Cuba Capitole by y.becart(Own work) [CC-BY-SA-2.0 (http://creativecommons.org/licenses/by-sa/2.0)], via Flickr https://www.flickr.com/photos/yoh_59/13697566663Yesterday the Office of Foreign Assets Control (“OFAC”) quietly removed a number of Cuba-related listings from its Specially Designated Nationals and Blocked Persons list. These delistings included dissolved companies, dead people and Cuban ships that had either sunk or were out of commission. For example, Amado Padron Trujillo, designated in 1986,was executed in 1989. By Cuba. For treason. Talk about a guy who couldn’t get a break.

Also delisted was the late Alfred Stern, who was once accused of spying for the Soviet Union. He fled the United States, lived in Cuba from 1963 to 1970 and died in Prague in 1986. Another dead man taken off the SDN List was Carlos Duque, a business partner of Manuel Noriega, who stopped threatening the United States when he died last October.

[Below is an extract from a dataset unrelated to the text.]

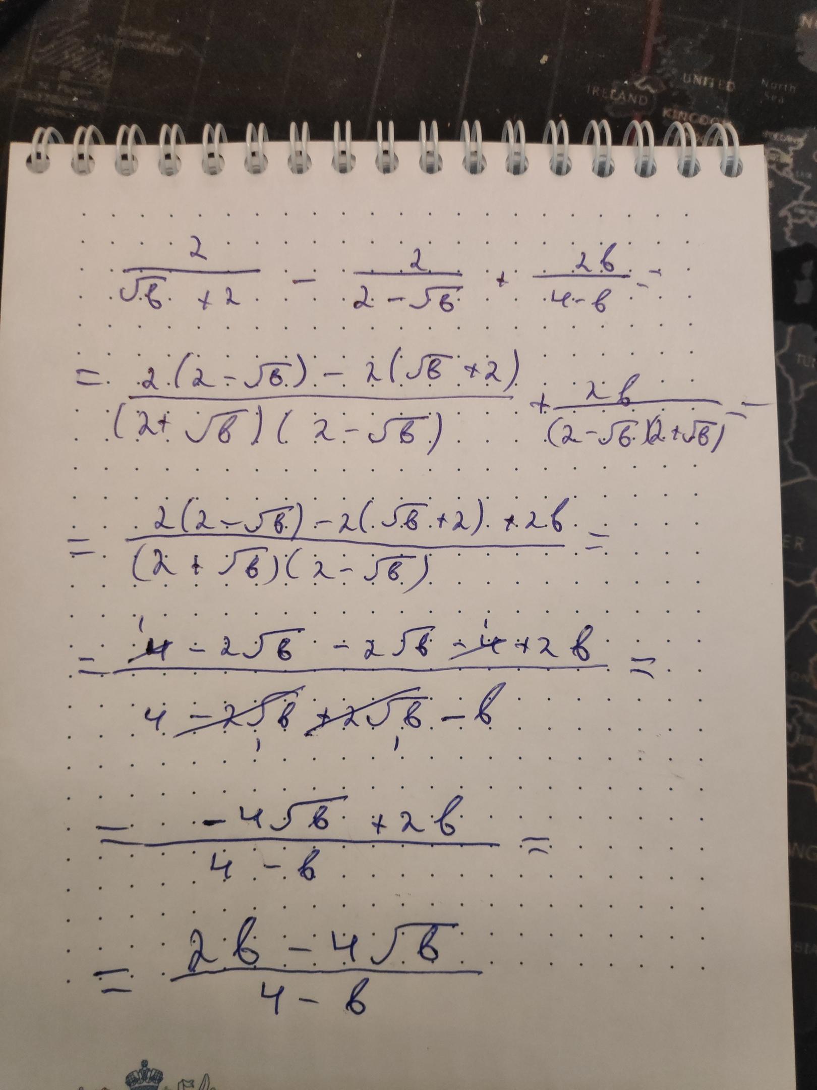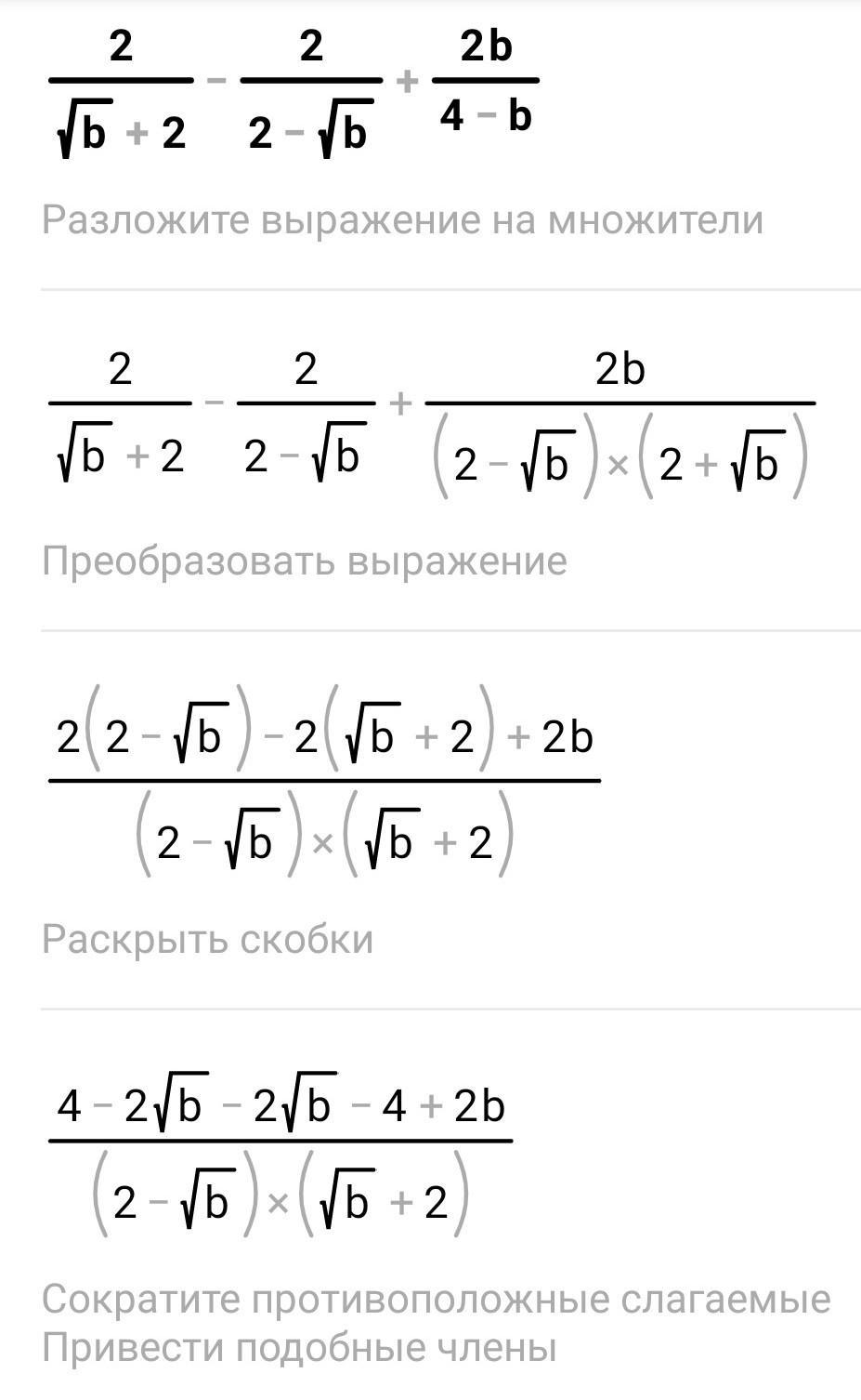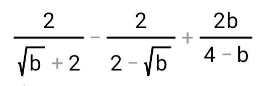 Неполное решение. Знаменатель можно разложить на (2-√b) (2+√b), а числитель представить как 2√b(√b-2), после сократить

Even though OFAC delisted dead people and sunken ships from the SDN List, it still could not bring itself to delist the probably fictional Daniel Garcia, who allegedly threatens the United States by running a non-existent talent agency, Promociones Artisticas (PROARTE), in Mexico City. The problem with designating a non-existent Daniel Garcia is that there are plenty of real people named Daniel Garcia who, as a result, cannot open bank accounts, get loans, buy automobiles, or get on an airplane without getting searched. We wrote about the curse of being named Daniel Garcia here.

I have been told, off the record, that no one at OFAC knows who Daniel Garcia is or was, if he ever was, and why he was put on the list in the first place. That, I’m told, is part of the reason that Daniel Garcia is fated to remain on the SDN List in perpetuity.

In short, since imaginary people never die, the real Daniel Garcias of the world are just going to have to live with it.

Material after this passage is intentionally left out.